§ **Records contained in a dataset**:
◇ ◇ ◇ ◇
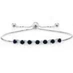 Gem Stone King 0.82カラット 天然 オニキス ブレスレット レディース ラボグロウンダイヤモンド シルバー925 8月 誕生石 誕生
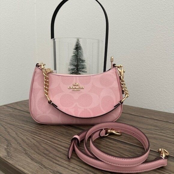 Blush Pink Monogram Shoulder Bag – Mini Crescent Design with Gold Chain
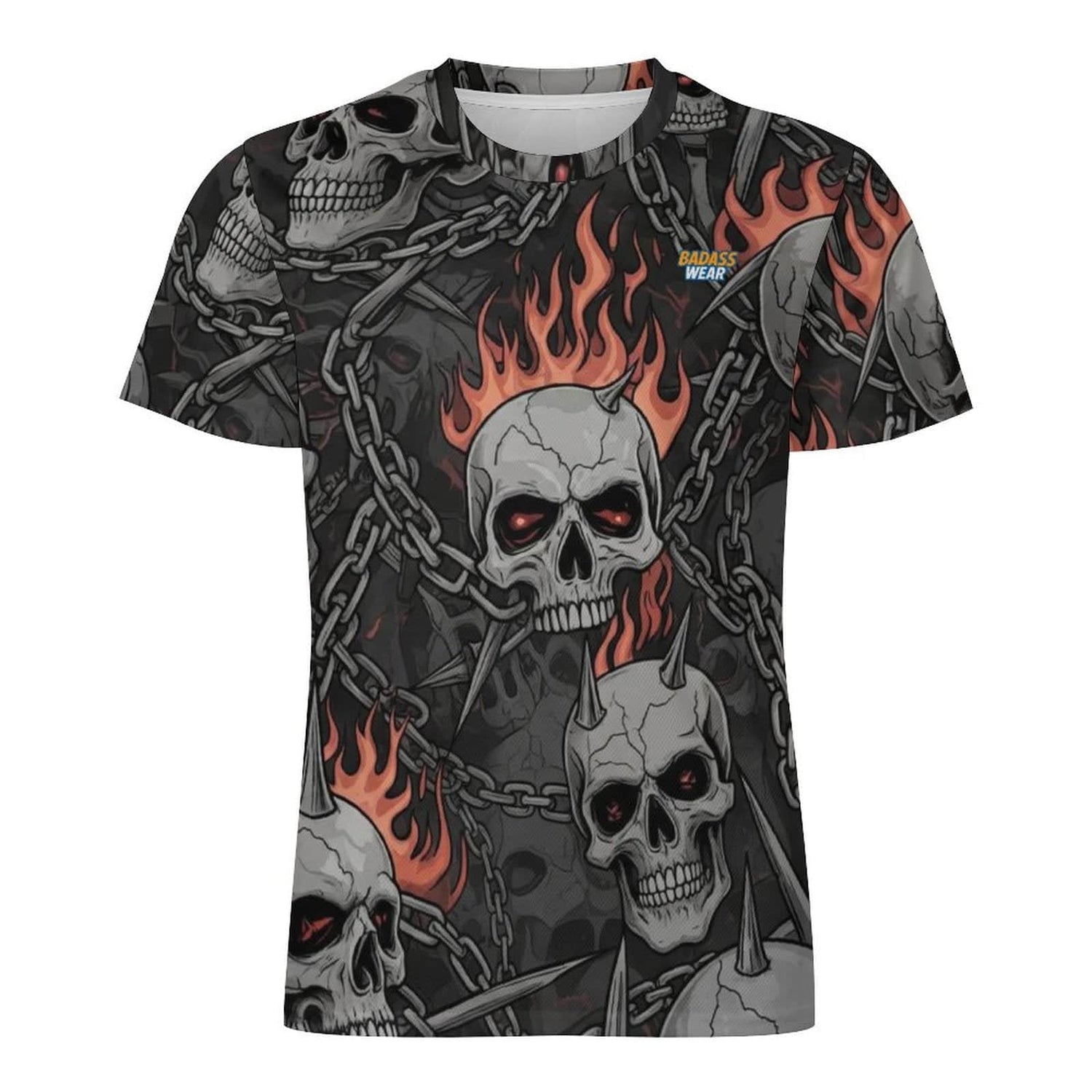 Bold All-Over Design: Features a striking, custom print of flaming and spiked skulls with chains for a look that commands attention.
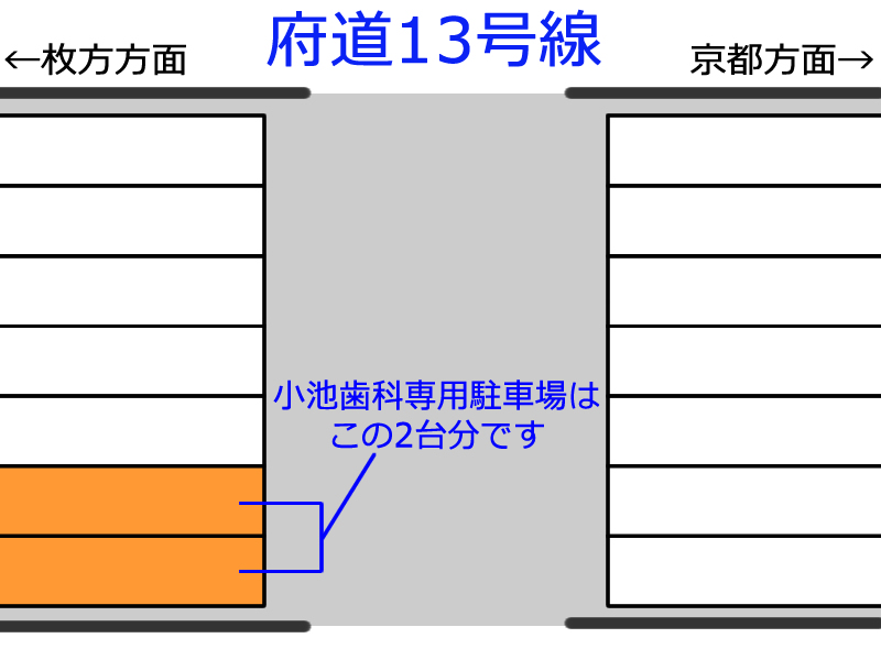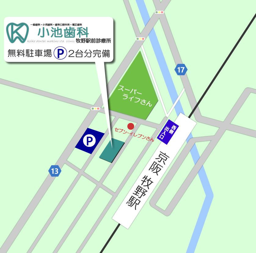 当院は京阪電車牧野駅から歩いてすぐの駅前にございます。また、府道13号線に面した駐車場に、ご来院の方は無料でご利用いただける2台分の当院専用スペースをご用意しておりますので、医院お近くの方はもちろん、電車やお車にて遠方からもご来院いただきやすくなっております。
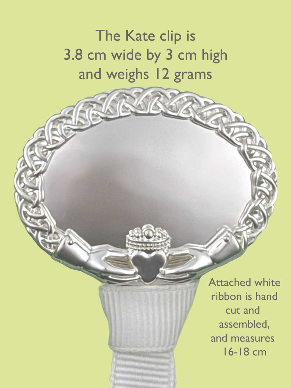 EACH SET INCLUDES: ~ silver clip with attached white ribbon ~ 2nd ribbon in the color of your choice (additional ribbons & ties available here) ~ 4x4 inch polishing cloth ~ Jewelry box for clip storage
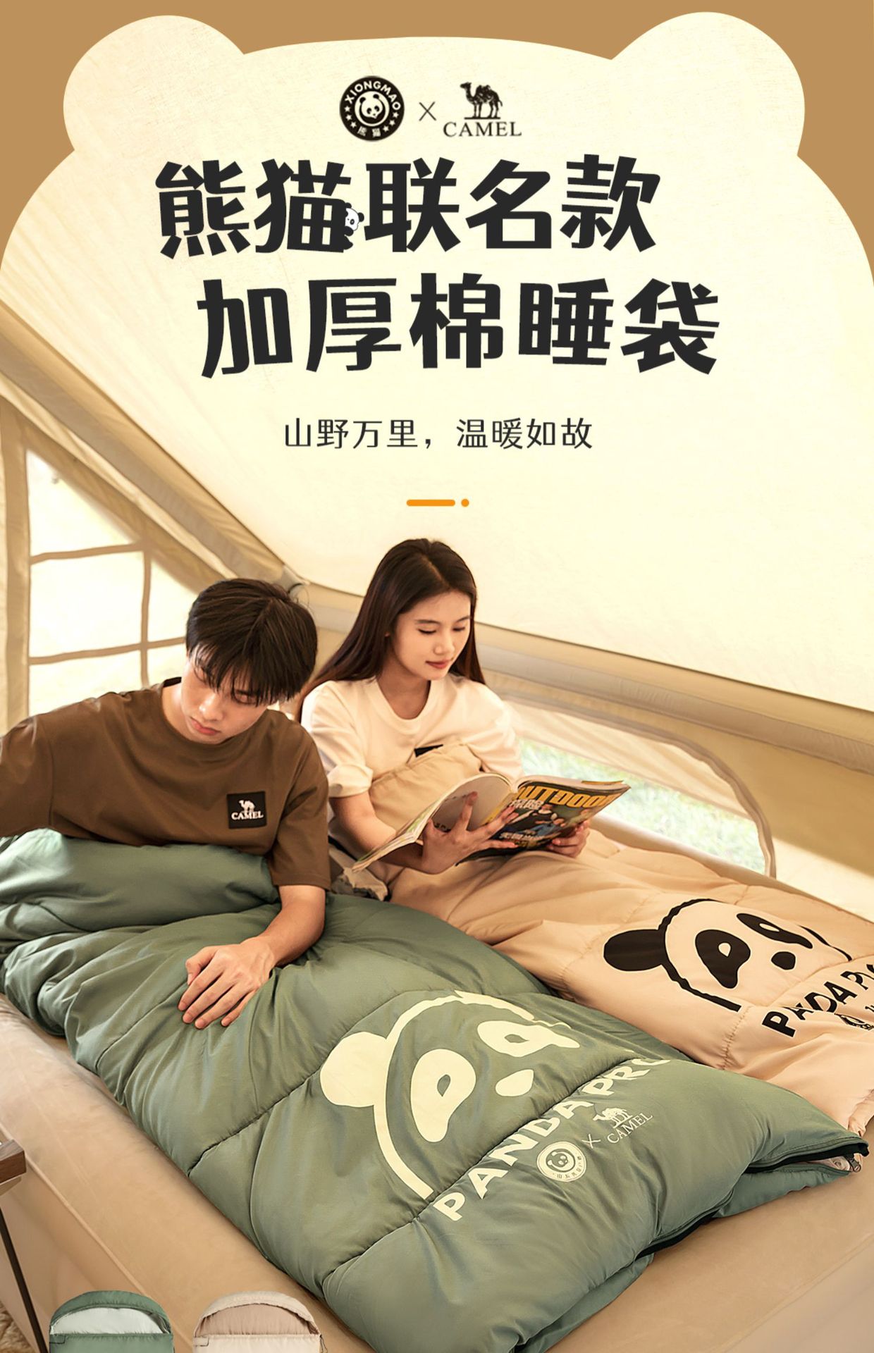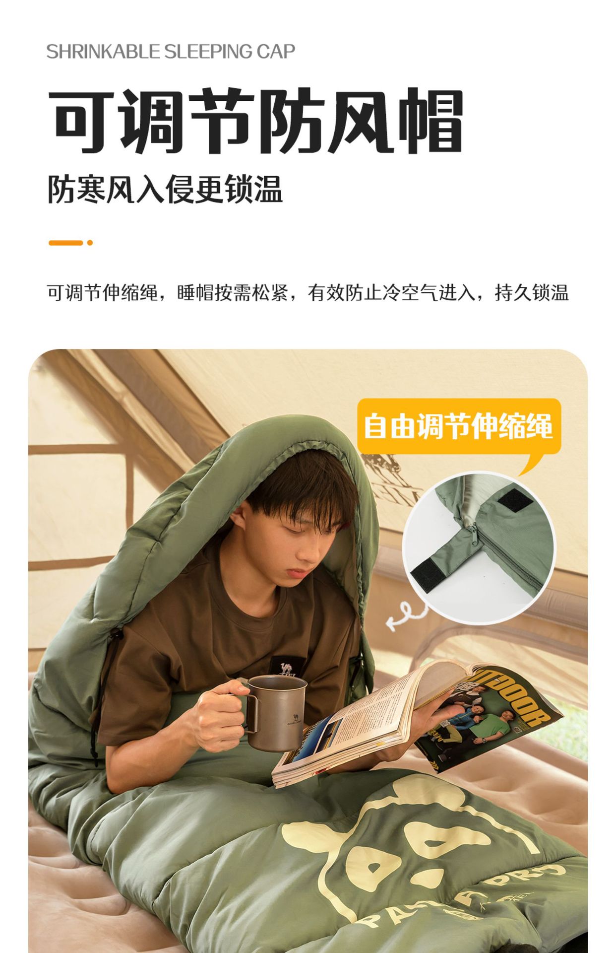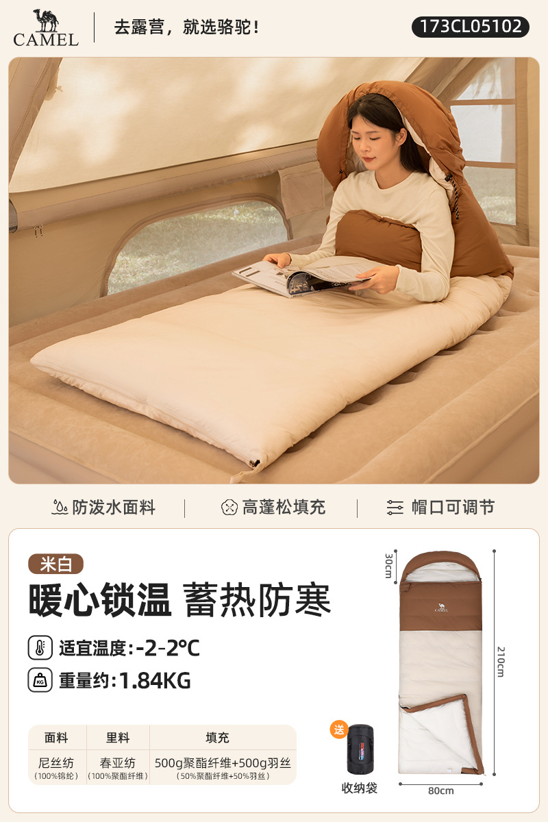 겨울철 두꺼워서 추위와 따뜻함을 유지하는 카멜 성인용 침낭, 야외 캠핑용 오피스 낮잠 침낭
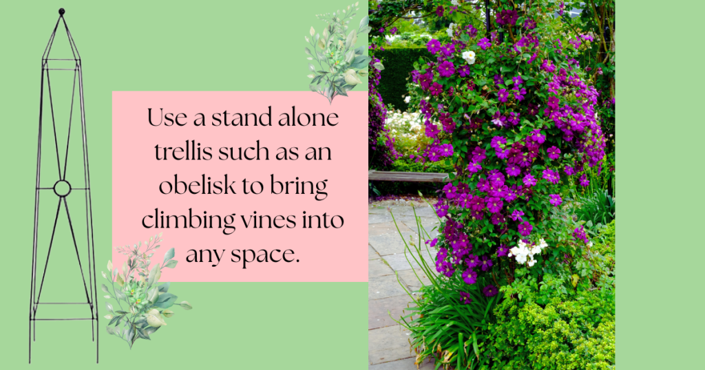 Now, you wondering how you will fit all these creeping vines into your yard. Some can be planted into containers, such as clematis and honeysuckle, allowing you to move them if needed. If you have limited areas where plants can climb on arbors, walls, or trees, consider using obelisks. Obelisks are free standing trellises which you can use for climbing roses, clematis, honeysuckle, and trumpet vine. Heavier vines will need the support of a wall or tree such as climbing hydrangea and wisteria.
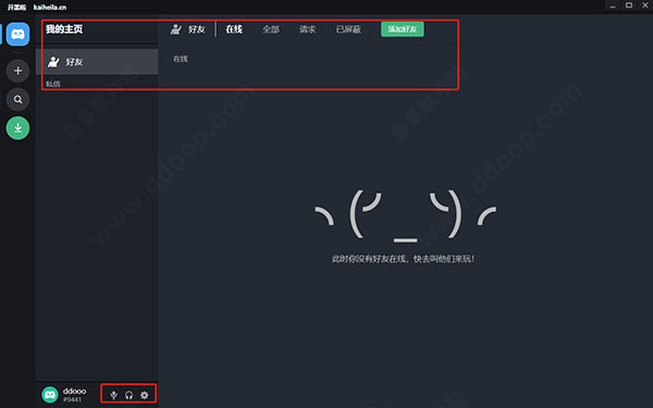 7、在我的主页中,可看到自己在线和全部的好友,也能看到好友请求、已屏蔽、私信等信息,下面是麦、耳机、设置等功能;
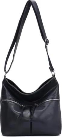 Damen Tasche Umhängetasche Crossbody Shopper Schultertasche Hobo Bag Beuteltasche Crossover Handtasche City Bag Henkeltasche Reise Leder Optik Schwarz
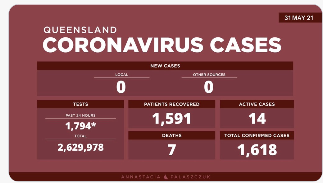 5月31日星期一- 昆士兰的冠状病毒病例更新: - 0例新的本地感染病例 - 0例海外感染病例 - 14例活动病例 -累计确诊 1,618例 - 进行了2,629,978次测试 不幸的是,7名COVID-19患者已经死亡。1,618名患 ...
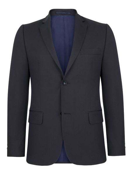 Marynarka garniturowa w kolorze granatowym. Marynarka jednorzędowa, zapinana na dwa guziki. Z tyłu znajdują się dwa szlice, z przodu dwie cięte kieszenie.
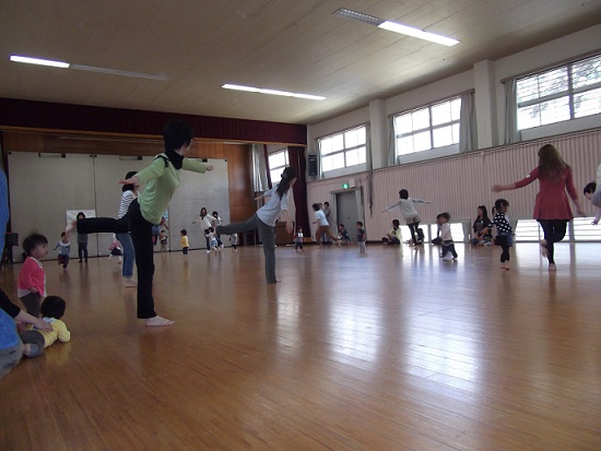 日頃家庭で気軽にできる、ふれあい遊びやリズムでいっぱい身体を動かし、広い板の間の体育館が狭く見えるほどでした。やっぱり板の間はいいな~
◇ ◇ ◇ ◇
§ **ABOUT THIS EXERCISE**:
Each entry above must be duplicated precisely; none of the pictures may be included.

§ **YOUR SOLUTION**:
 Gem Stone King 0.82カラット 天然 オニキス ブレスレット レディース ラボグロウンダイヤモンド シルバー925 8月 誕生石 誕生
 Blush Pink Monogram Shoulder Bag – Mini Crescent Design with Gold Chain
 Bold All-Over Design: Features a striking, custom print of flaming and spiked skulls with chains for a look that commands attention.
 当院は京阪電車牧野駅から歩いてすぐの駅前にございます。また、府道13号線に面した駐車場に、ご来院の方は無料でご利用いただける2台分の当院専用スペースをご用意しておりますので、医院お近くの方はもちろん、電車やお車にて遠方からもご来院いただきやすくなっております。
 EACH SET INCLUDES: ~ silver clip with attached white ribbon ~ 2nd ribbon in the color of your choice (additional ribbons & ties available here) ~ 4x4 inch polishing cloth ~ Jewelry box for clip storage
 겨울철 두꺼워서 추위와 따뜻함을 유지하는 카멜 성인용 침낭, 야외 캠핑용 오피스 낮잠 침낭
 Now, you wondering how you will fit all these creeping vines into your yard. Some can be planted into containers, such as clematis and honeysuckle, allowing you to move them if needed. If you have limited areas where plants can climb on arbors, walls, or trees, consider using obelisks. Obelisks are free standing trellises which you can use for climbing roses, clematis, honeysuckle, and trumpet vine. Heavier vines will need the support of a wall or tree such as climbing hydrangea and wisteria.
 7、在我的主页中,可看到自己在线和全部的好友,也能看到好友请求、已屏蔽、私信等信息,下面是麦、耳机、设置等功能;
 Damen Tasche Umhängetasche Crossbody Shopper Schultertasche Hobo Bag Beuteltasche Crossover Handtasche City Bag Henkeltasche Reise Leder Optik Schwarz
 5月31日星期一- 昆士兰的冠状病毒病例更新: - 0例新的本地感染病例 - 0例海外感染病例 - 14例活动病例 -累计确诊 1,618例 - 进行了2,629,978次测试 不幸的是,7名COVID-19患者已经死亡。1,618名患 ...
 Marynarka garniturowa w kolorze granatowym. Marynarka jednorzędowa, zapinana na dwa guziki. Z tyłu znajdują się dwa szlice, z przodu dwie cięte kieszenie.
 日頃家庭で気軽にできる、ふれあい遊びやリズムでいっぱい身体を動かし、広い板の間の体育館が狭く見えるほどでした。やっぱり板の間はいいな~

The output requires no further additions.